No pictures go into the output, which should consist only of the lines from the first line of the data through the line with "The results show", copied exactly.

- **DATA FOR THIS TASK**:

■ ■ ■ ■

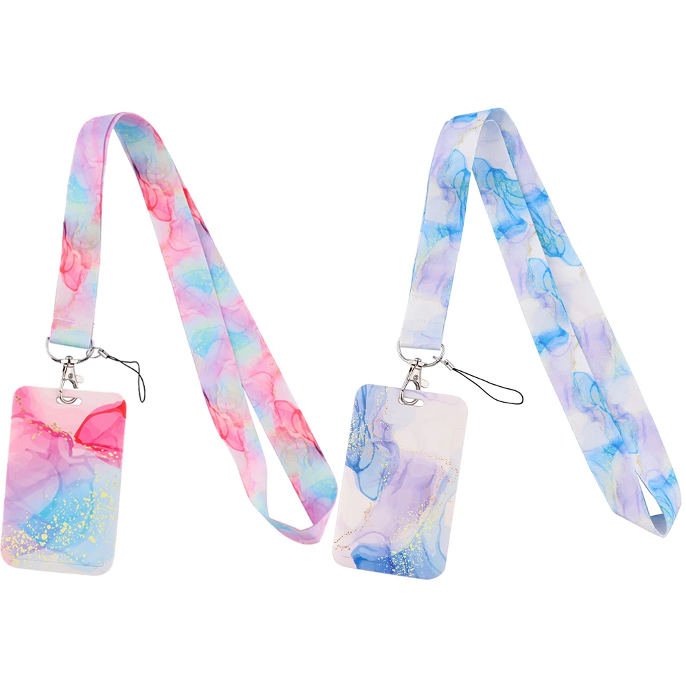 Рисунок с розовым, голубым мраморным узором, на шнурке, для кредитных карт
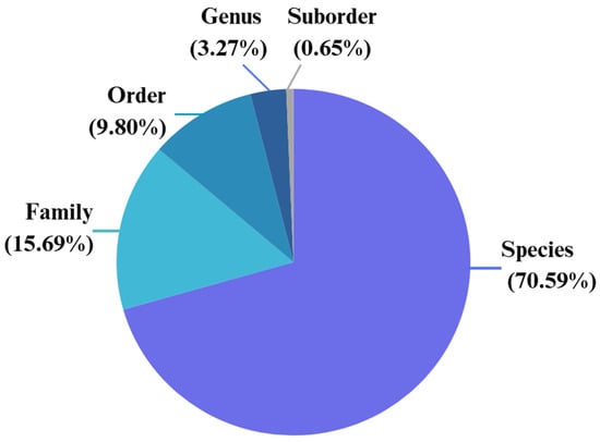 The results show a marked predominance of studies using taxonomic levels of species (n = 108; 70.59%), followed by family (n = 24; 15.69%), order (n = 15; 9.80%), genus (n = 5; 3.27%), and suborder (n = 1; 0.65%) (Figure 7).
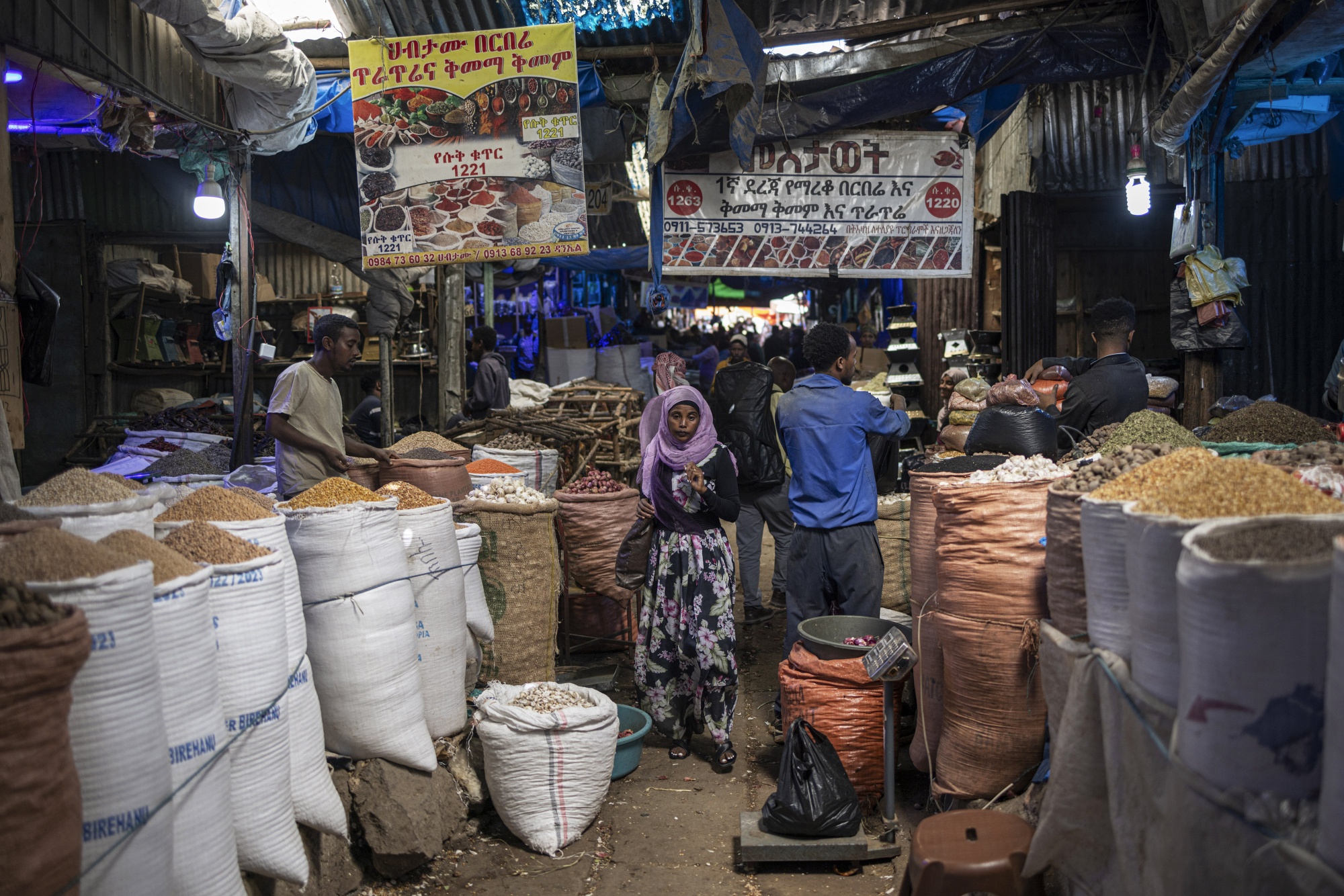 购物者在埃塞俄比亚首都亚的斯亚贝巴的Shola市场行走。
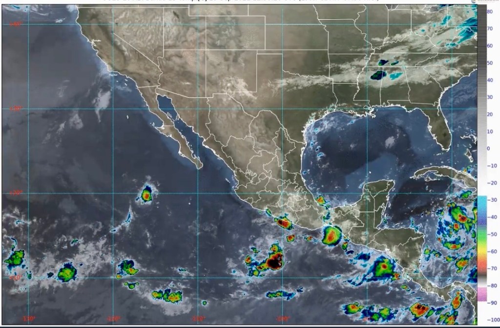 Pacífico Centro: Cielo medio nublado por la mañana y nublado durante la tarde con lluvias puntuales fuertes en Michoacán e intervalos de chubascos en Nayarit, Jalisco y Colima; todas con descargas eléctricas. Ambiente matutino fresco, con bancos de niebla en zonas serranas de Jalisco y Michoacán. Ambiente cálido por la tarde y caluroso en zonas costeras. Viento de componente oeste de 10 a 25 km/h en la región, con rachas de 40 a 50 km/h en costas de Jalisco.
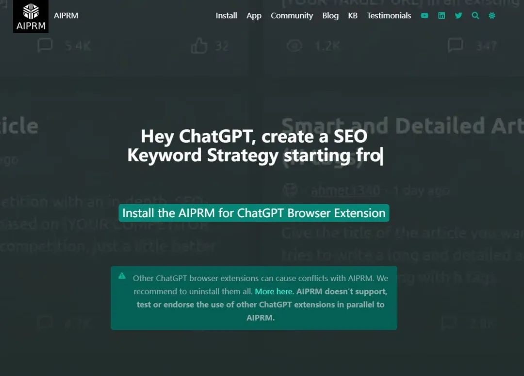 AIPRM for ChatGPT 插件是一款 ChatGPT 精选提示访问工具,该插件为用户提供了专门为 SEO 、 SaaS 、营销和更多 ChatGPT 而设计的精选提示模板列表,可帮助用户优化网站并提高其在搜索引擎上的排名。
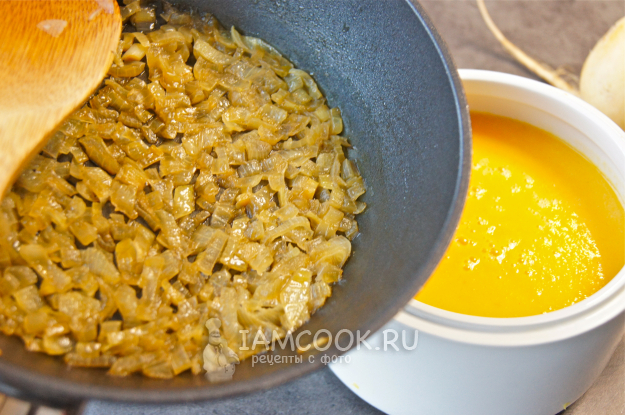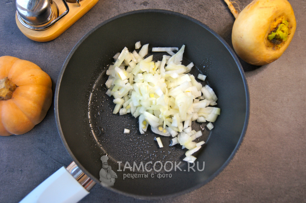 Пока варятся тыква с репой, очистите лук, мелко нарежьте и обжарьте на сковороде с растительным маслом до румяности.
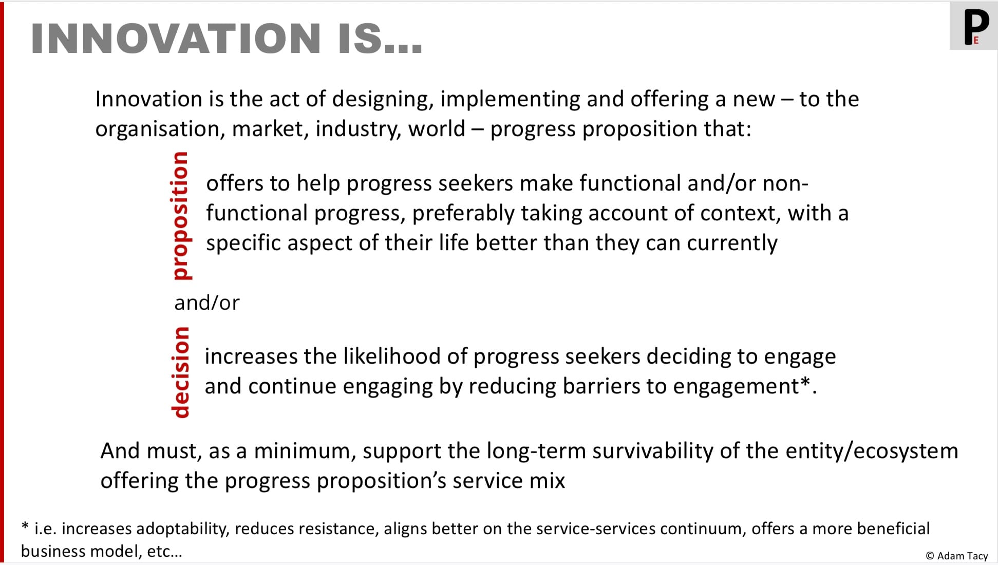 Innovation is then the acts of creating, implementing, and offering new progress propositions. These new propositions need to:
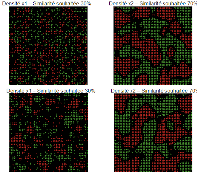 Un petit exemple peut être donné avec le modèle de ségrégation spatiale de Schilling. Imaginons que deux tribus les rouges et les verts se promènent dans un centre commercial et expriment des préférence pour être avec leurs semblables. Voici les configurations obtenues à partir d’une distribution au hasard pour 2 valeurs de deux paramètres (faible et forte densité de population d’une part, et d’autre part le souhait d’être entouré d’au moins 30% ou de 70% de voisins similaires). On voit que la densité et l’homophilie conduisent à une ségrégation forte. C’est un résultat classique.

■ ■ ■ ■

- **EXERCISE OUTPUT**:
 Рисунок с розовым, голубым мраморным узором, на шнурке, для кредитных карт
 The results show a marked predominance of studies using taxonomic levels of species (n = 108; 70.59%), followed by family (n = 24; 15.69%), order (n = 15; 9.80%), genus (n = 5; 3.27%), and suborder (n = 1; 0.65%) (Figure 7).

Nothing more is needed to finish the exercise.